Is there any question more characteristically human than one that begins with those two little words? They may be spoken with excitement or with regret, with curiosity or with fear, but they’re always spoken with the brain in high gear—doing what human brains were meant to do: look beyond the way things are to how they might be.
In psychology, such speculations are known as “counterfactuals” or “prefactuals”—the “what-ifs” and “if-onlys” that plague us or motivate us as we reflect upon past events or try to imagine a better future.
In philosophy, they’re part of a long line of epistemological thought reaching all the way back to Aristotle.

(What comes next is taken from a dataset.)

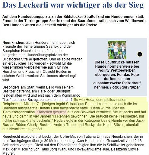 Ich stand kürzlich in der Saarbrücker Zeitung, wo auch "Koerbchengesucht" erwähnt wurde. Ich habe dir mal einen Screen davon gemacht.

In linguistics, they’re those strange and wonderful parts of grammar that we use to describe things and events in precise detail while acknowledging that they have not yet (and may never) come to pass.
In science, they’re the basis of all hypotheses. As such, they are arguably the foundation from which all scientific knowledge springs, and indeed, upon which the whole modern world is built.
In fiction, there’s some sort of “what if” at the heart of every work—sometimes philosophical (What if a mother had to choose which of her two children to save from the gas chamber?), sometimes scientific (What if a lone man were stranded on Mars?), sometimes historical (What if the Nazis had won the war?). There are, as you probably know, whole novels exploring each of these intriguing possibilities.
But one of my personal favorites in the “what-if” realm of literature isn’t a novel at all—it’s a nonfiction book called What If the Moon Didn’t Exist? by astronomer Neil F. Comins. The book is a series of essays, the first of which asks the question in the book’s title. (Spoiler alert: There would probably be no life, or at the very least, no life as we know it.) He goes on to address a series of other questions that would likely result in a dramatically changed world. What if the Moon were closer to the Earth? What if the Earth had less mass? What if the Earth were tilted like Uranus?
Comins concludes his book, however, with a “what if” question that crosses the boundary from intriguing speculation into scary fact: What if the Earth’s ozone layer were depleted? The picture he paints in his essay is graphic and frightening and all too probably in the process of coming true before our eyes.
As Comins notes, “the ‘what if’ process is an essential part of our ability to consider the long-term effects of our actions before we take them.”
Or in other words, the world would be a better place if more of us would pause to ask: “What if?”